_What you are asked to do_
Output the data below only from the line containing "Төсвийн гүйцэтгэл 7 сар" up to and including the line containing "Summer Fest 2025", exact and with the pictures left out.

_Supplied records_
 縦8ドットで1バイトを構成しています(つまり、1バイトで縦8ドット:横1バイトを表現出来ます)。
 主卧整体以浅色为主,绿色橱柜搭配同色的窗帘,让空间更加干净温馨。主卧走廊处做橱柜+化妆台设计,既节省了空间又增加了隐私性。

==

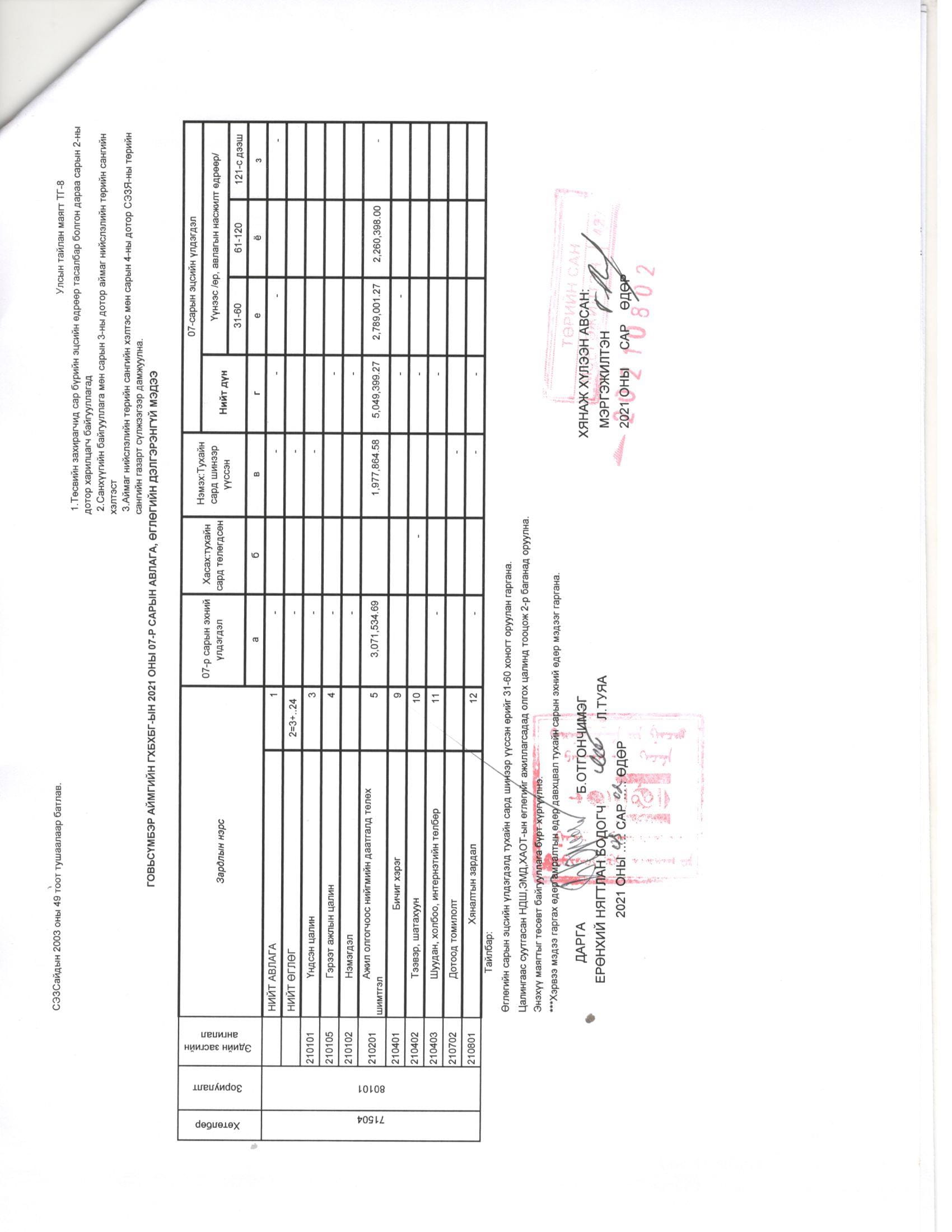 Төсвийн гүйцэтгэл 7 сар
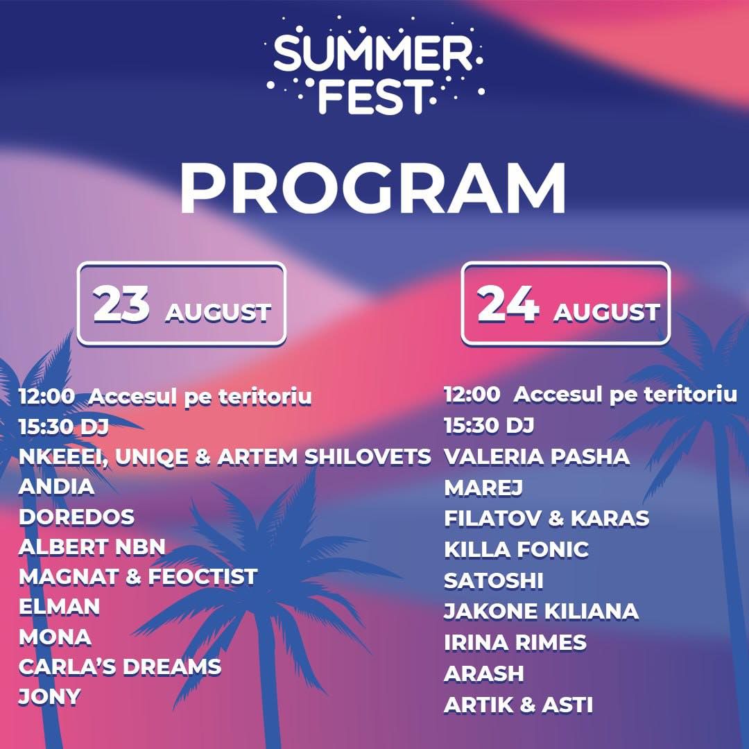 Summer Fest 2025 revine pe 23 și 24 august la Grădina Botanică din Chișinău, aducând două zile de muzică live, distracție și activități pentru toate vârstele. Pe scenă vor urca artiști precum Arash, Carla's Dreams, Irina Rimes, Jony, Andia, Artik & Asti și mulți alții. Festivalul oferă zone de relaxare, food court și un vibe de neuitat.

==

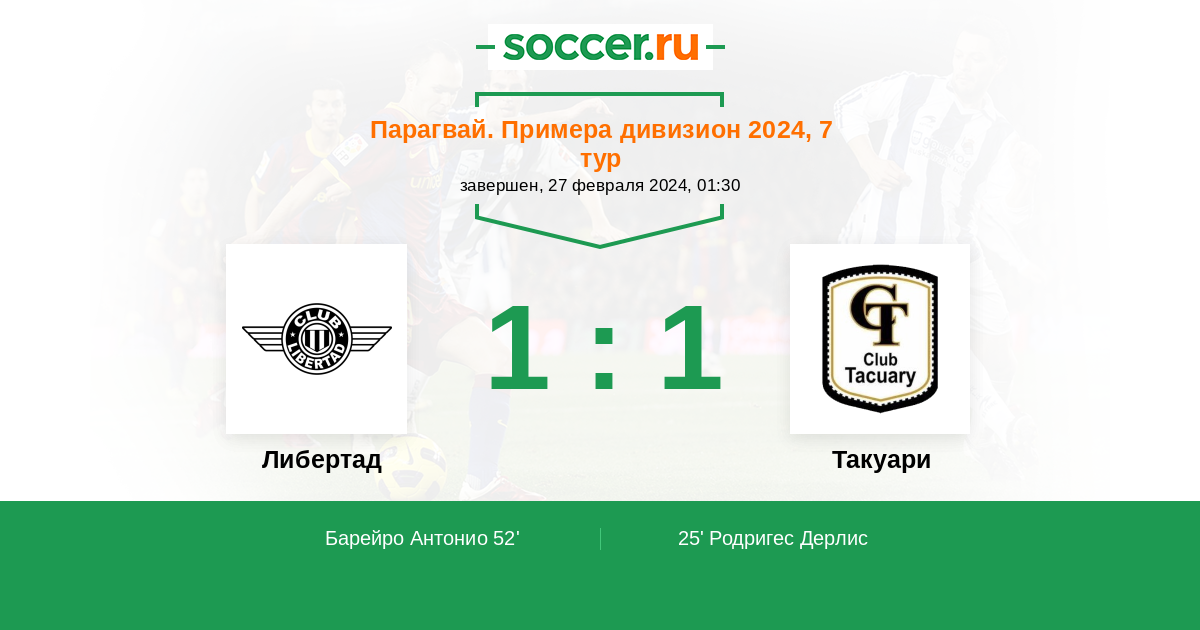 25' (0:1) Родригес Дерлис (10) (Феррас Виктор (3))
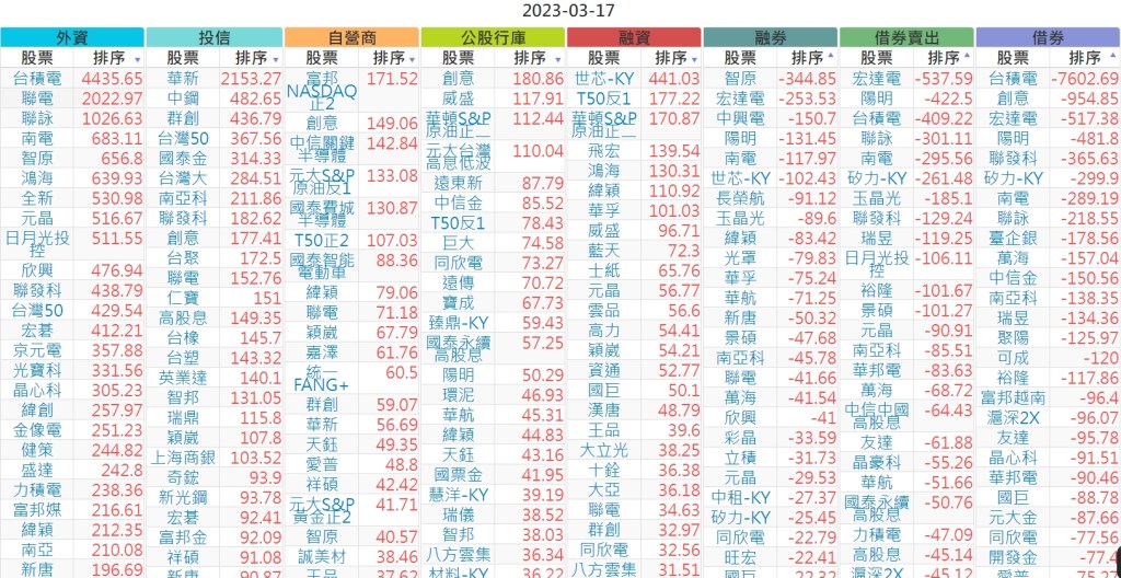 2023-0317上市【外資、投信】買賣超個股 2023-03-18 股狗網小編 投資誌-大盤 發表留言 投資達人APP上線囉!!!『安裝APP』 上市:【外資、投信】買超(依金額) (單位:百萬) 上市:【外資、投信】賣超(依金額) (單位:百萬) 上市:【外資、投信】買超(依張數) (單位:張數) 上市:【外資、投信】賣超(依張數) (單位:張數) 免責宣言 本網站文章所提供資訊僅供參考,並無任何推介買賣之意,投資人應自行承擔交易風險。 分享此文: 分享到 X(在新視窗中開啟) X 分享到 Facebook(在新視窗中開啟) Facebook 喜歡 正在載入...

_Output below_
 Төсвийн гүйцэтгэл 7 сар
 Summer Fest 2025 revine pe 23 și 24 august la Grădina Botanică din Chișinău, aducând două zile de muzică live, distracție și activități pentru toate vârstele. Pe scenă vor urca artiști precum Arash, Carla's Dreams, Irina Rimes, Jony, Andia, Artik & Asti și mulți alții. Festivalul oferă zone de relaxare, food court și un vibe de neuitat.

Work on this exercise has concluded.